2- ANAP ağırlıklı ekonomi politikalar ülkedeki gelir dağılımı bozukluğunu gayri insani boyutlara getirdi. Eşitsizlik derinleştikçe merkez sağdaki siyasi parçalanma hızlandı. Buna ilk tepki 1995 seçimlerinde Orta Anadolu'dan geldi. Orta Anadolu'nun yani ekonomiden pay alamayanların oyu o dönemde Refah Partisi'ne gitti.

18 nisanda bu bölge yeniden haykırdı. Haykıranların haritası değişmedi ama parti farklılaştı. Oylar eski Refah bugünkü Fazilet'ten MHP'ye kaydı. (Tabii bu kayışın daha ilerideki yazılarımızda değineceğimiz başka ndenleri de var.)

3- Dışlanmışların haykırışı aslında beş yıldızlı otellerde siyaset yapanlar dışındaki en sıradan insanlar tarafından da duyuluyordu. Ama kulaklara tıpa kondu. Sistemli biçimde susuldu ve de merkez sağ özellikle de ANAP akıl almaz bir destekle allandı pullandı, İstanbul tepelerinde ve Boğaz kıyılarında beşikte sallandı.

4- Oysa bu allanma, pullanma küfür gibi geliyordu. Ekonomiden pay alamayanların her geçen gün ekmeği küçülürken ekonomik sorunları sadece ANAP'ın ağır toplarının ve A takımının çözmeye hakkı varmış gibi bir hava yaratıldı.
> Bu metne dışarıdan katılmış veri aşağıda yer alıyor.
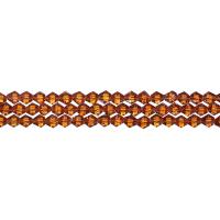 Бюджетные стеклянные граненые бусины - биконусы темно-янтарного цвета с легким перламутровым отливом (Pearl Luster Plated). Бусины могут немного отличаться по форме и размеру. Оттенок может немного отличаться от фото. Цена за низку около 78 бусин.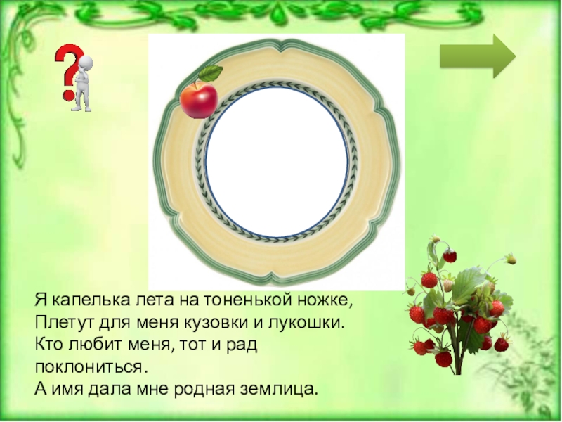 Я капелька лета на тоненькой ножке,  Плетут для меня кузовки и лукошки.  Кто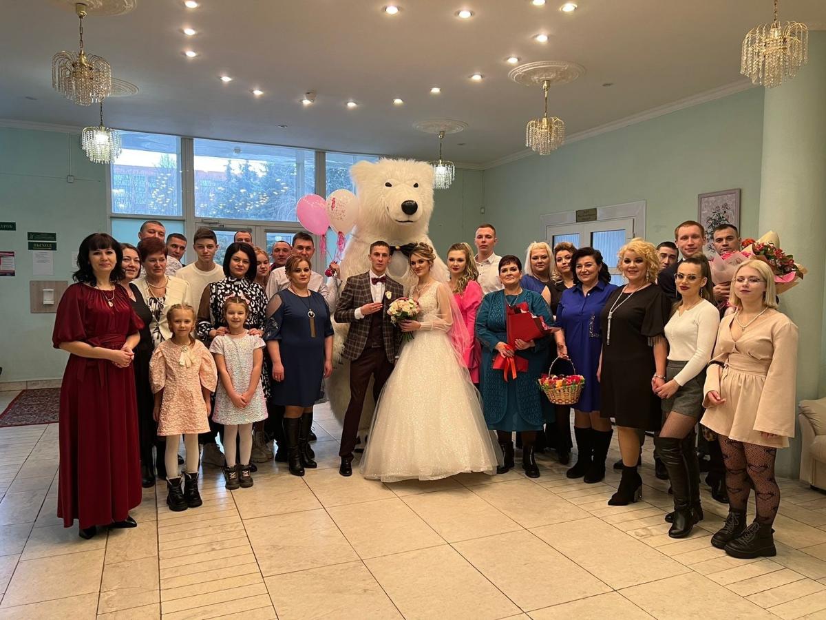 В Курске молодожёнов поздравил с днём свадьбы белый медведь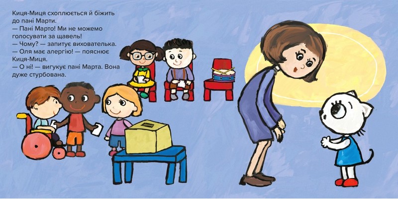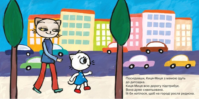 Киця-Миця любить пригоди й нові знайомства! З нею можна вирушити в бібліотеку, у дитячий садочок, у басейн, на ігровий майданчик, на пляж, у мандрівку потягом. Киця-Миця навчить вітатися і чемно відмовляти, чистити зубки, ділитися іграшками й не боятися страховиськ. З нею ніколи не нудно!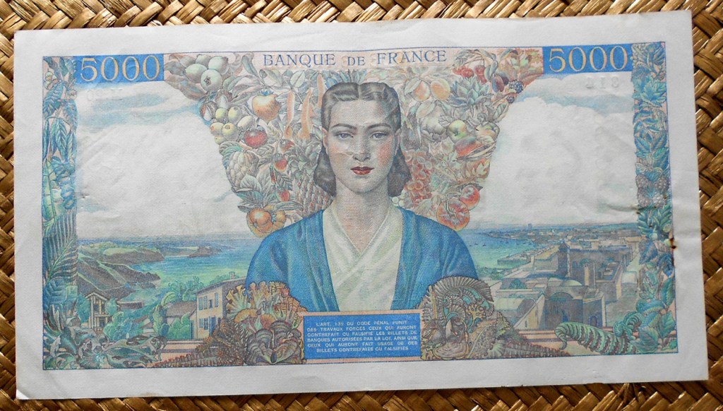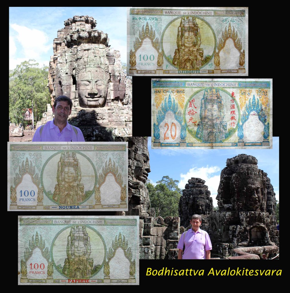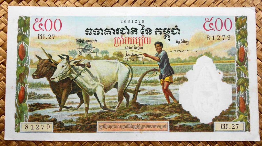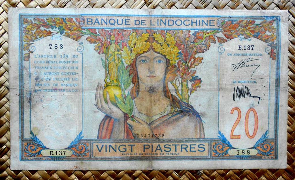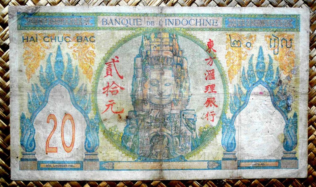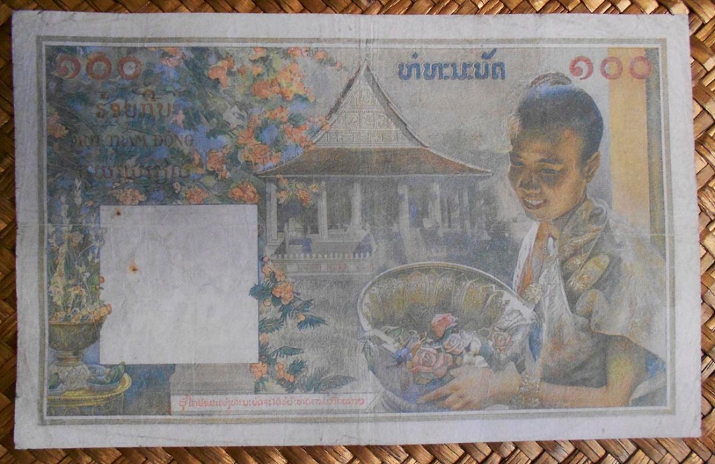 Esta obra de arte hecha billete salió de los lápices de Marcel-Louis Leguay (1910-2001), artista francés afincado en Laos, después de haber pasado por Saigón (actual Ho Chi Minh). De hecho se casó con una bella laosiana, que inmortalizaría en el billete que revisamos. También fundó a finales de los años ’50 la primera academia de Bellas Artes en Vientian, la capital de Laos.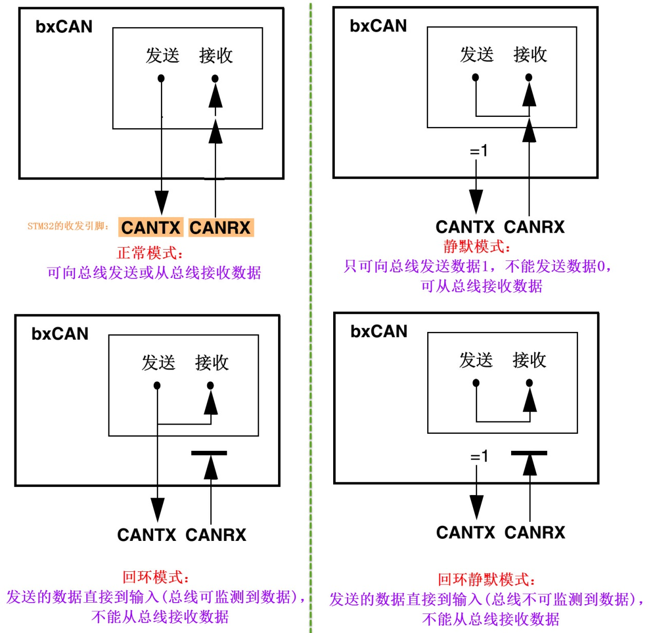 当我们使用CAN外设发送数据时,把报文的各个段分解,存入到发送邮箱的对应的寄存器中。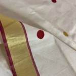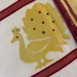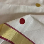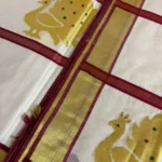 Every thread of Mayurangana whispers of grandeur. This pure zari masterpiece is a vision in regal maroon, with the pallu resplendent in intricate peacock motifs, their feathers unfurling in hues of deep green and gold. The maroon kara frames the saree with stately elegance, while delicate golden kara stripes and tiny polka dots dance across the body, adding playful charm to its royal grace. Woven with precision by master artisans, this saree isn’t just a drape—it’s a legacy, a showstopper meant for moments you’ll never forget.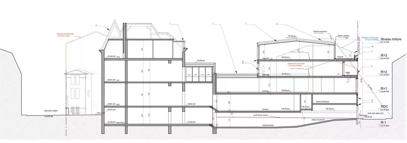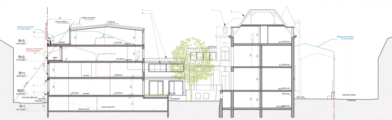 Le projet est né de la volonté d'intégrer le partimoine existant à l'opération neuve constituée de 7 logements et d'une surface de bureaux . Le projet propose donc la rénovation de la partie existante et l'ajout d'une partie neuve en arrière de la parcelle, dans la même logique que les bâtiments avoisinants. A l'instar de sa composition volumétrique, le programme traite l'ensemble du projet comme un tout cohérent. Au centre de la parcelle, un espace végétalisé permet de conserver un cœur calme.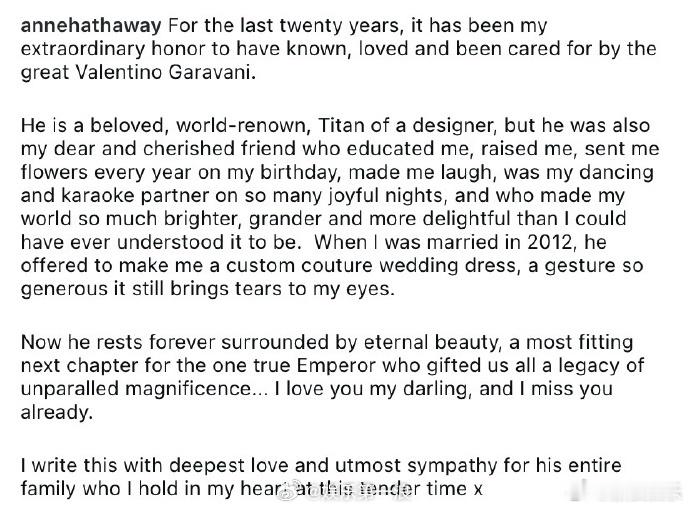 安妮海瑟薇悼念华伦天奴安妮海瑟薇的婚纱是华伦天奴定制的 21日,安妮·海瑟薇在社交网站晒照悼念华伦天奴,“过去二十年来,得到他的关爱与呵护,于我而言是莫大的殊荣。”她还提到2012结婚时华伦天奴定制的婚纱,表示“这份慷慨至今想起仍令我热泪盈眶”,两人也曾多次合作红毯造型。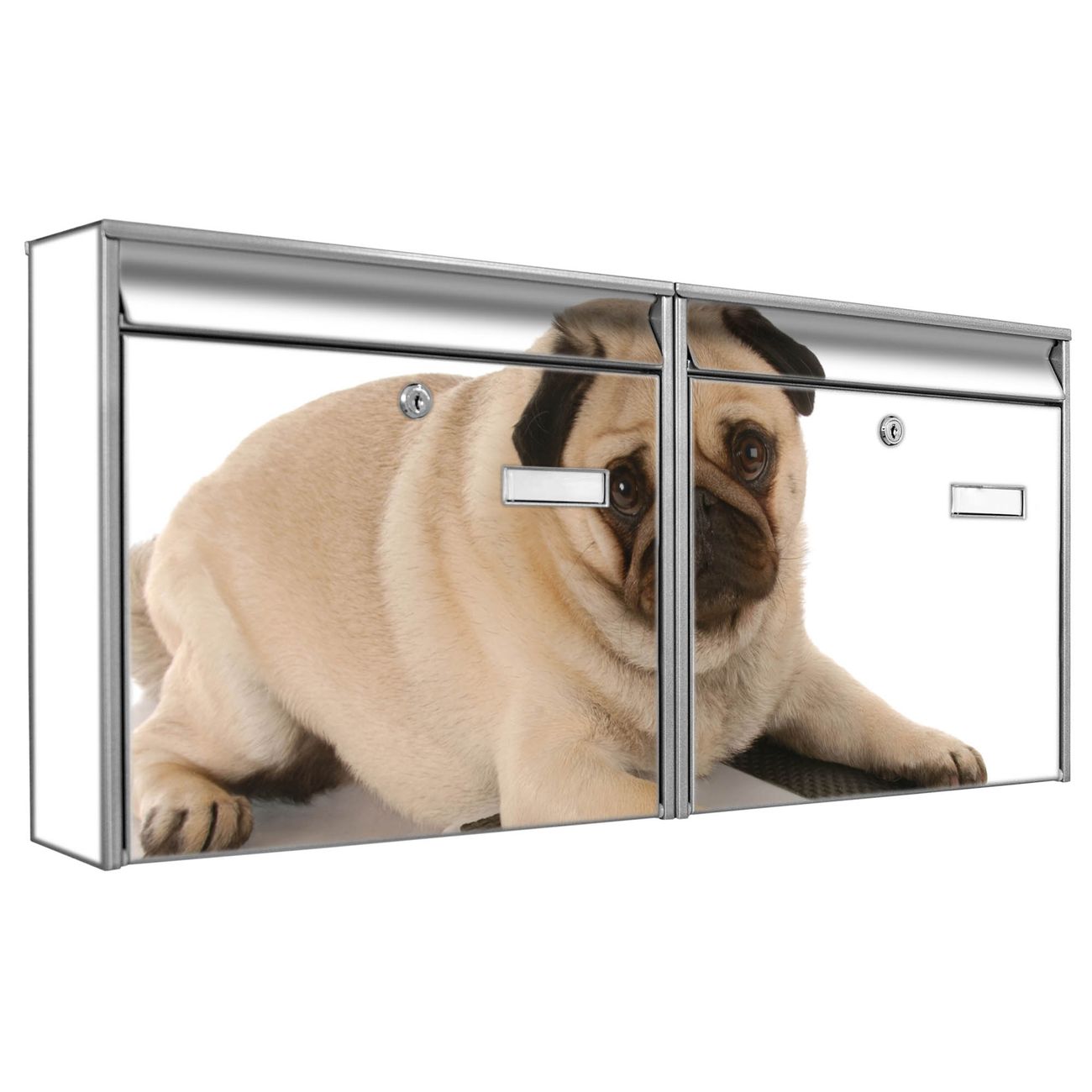 FUNKTION: Die Burg Wächter doppel Briefkastenanlage mit Motiv Mops bietet Ihnen ein großes Fassungsvermögen, sodass auch A4 Sendungen eingeworfen werden können. Das Namensschild lässt sich individuell beschriften. DESIGN: Die 2 Briefkästen mit Mops Motiv haben ein sehr ansprechendes und zeitloses Design. Heben Sie Sich von der tristen grauen Masse ab, ohne auf Funktionalität zu verzichten. Sie erhalten 2 Schlüssel sowie das Montagematerial. DETAILS: Der Doppelbriefkasten besteht aus verzinktem Stahl weiß. Er ist 72,5cm x 32,2cm x 10cm groß. Das Motiv besteht aus einer wetter- und UV-festen Folie, die Ihren Briefkasten zusätzlich vor Kratzern schützt. NUTZEN: Die stabile Bauart sowie die Wetterfestigkeit machen diese doppel Briefkästen zu einem zuverlässigen Begleiter im Alltag. Effektvoll in Reihe gehangen schmückt die Anlage jede Hauswand. BANJADO: Ihr Briefkasten wird in Sachsen in einer kleinen Manufaktur von Hand veredelt. Die Motivfolie ist lösungsmittelfrei und schutzlaminiert für einen langen Halt. Wir legen großen Wert auf die Verbindung von Funktionalität und Design. Sie erhalten Handarbeit aus Sachsen.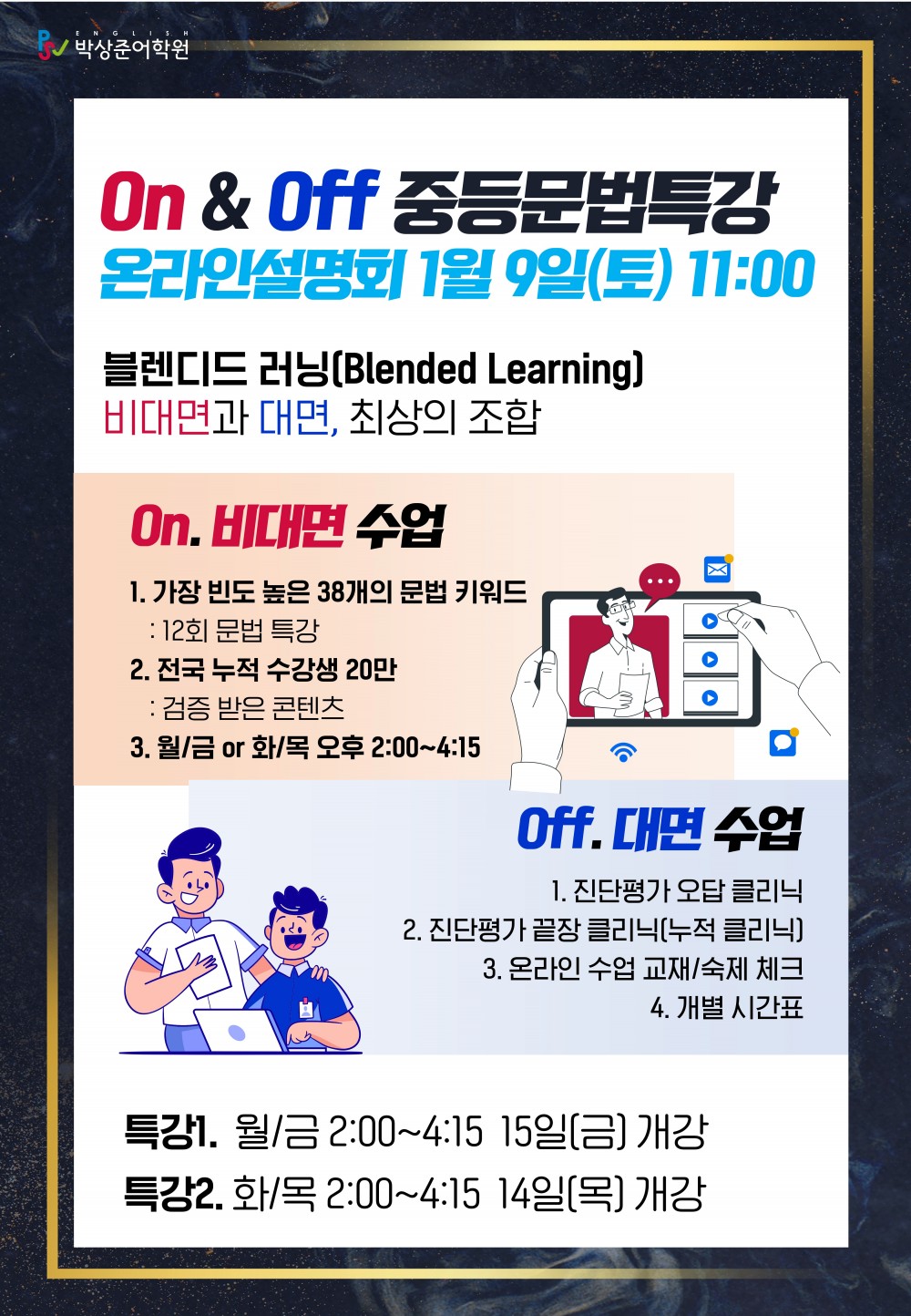 [박상준어학원]■On & Off중등문법특강(12회)■ 대면과 비대면의 최상의 조합!

5- Sermayenin de desteklediği bu suni düzendan yararlananlar şımarıklıklarını ve de karşısındakilerini adam yerine koymayan tavırlarını çeteye banka satmak noktasına kadar götürdüler. Ve de en korkuncu medyadaki desteklerini hiçbir zaman kaybetmediler.

6- Oysa merkez sağ yalılarda ve de beş yıldızlı otellerde siyaset yaparken ülkenin ‘dışlanmışları’ bu sera siyasetçilerinin üstüne çizik atmaya başlamıştı bile.

7- Sera siyasetçileri son anda kokuyu alıp Mahsun Kırmızıgüllü kampanyalar düzenledilerse de artık iş işten geçmişti. Tansu Çiller'in sahte demokratlığı ve göz yaşları da sökmedi.

8- Çünkü o süreçte Türkiye'deki konjontür iyice değişmişti.

Anadolu'nun insanı kendisini, beş yıldızlı otelden siyaset yapan merkez partiler tarafından dışlanmış hissederken ikinci bir dışlanma hatta aşağılanma faktörü de Batı'dan geliyordu. İtalya'nın Başbakanı d'Alema, Öcalan konusunda sergilediği küstah, nobran ve aşağılayıcı tutum ile geniş kitlelerin onuruyla oynuyordu. Yani İstanbul'dan nanik yapılarak dışlananların tepkisine bir de yurt dışından gelen aşağılayıcı mesajlar eklendi. O kitle, 1995 seçimlerinde oy verdiği Erbakan'ın başbakanlığı sırasında Kaddafi'nin çadırına gidip posta yemesini de unutmamıştı.

İşte bütün bu dinamikler biraya geldi. Merkez sağdan ve Fazilet'ten MHP'ye akan oyların musluğu böyle açıldı.

9- 18 nisan 1999 seçimlerine ANAP, Özal'dan arınmış bir Mesut Yılmaz partisi olarak girdi. DYP'de bütün Demokrat Parti ve Adalet Partisi retoriğine rağmen artık bir Tansu Çiller örgütü olup çıkmıştı.

Pazar günü başını kaldıran milliyetçilik, MHP'cilik bu iki partinin yöneticilerinin biletini kesti. Büyük hezimet aslında merkez sağ kadroların tasfiyesi mesajını verdi.

Türkiye, servetinin kaynağını açıklayamamış hırçın kız çocuğu ile çeteye banka satan partinin geçimsiz delikanlısını tasfiye etti.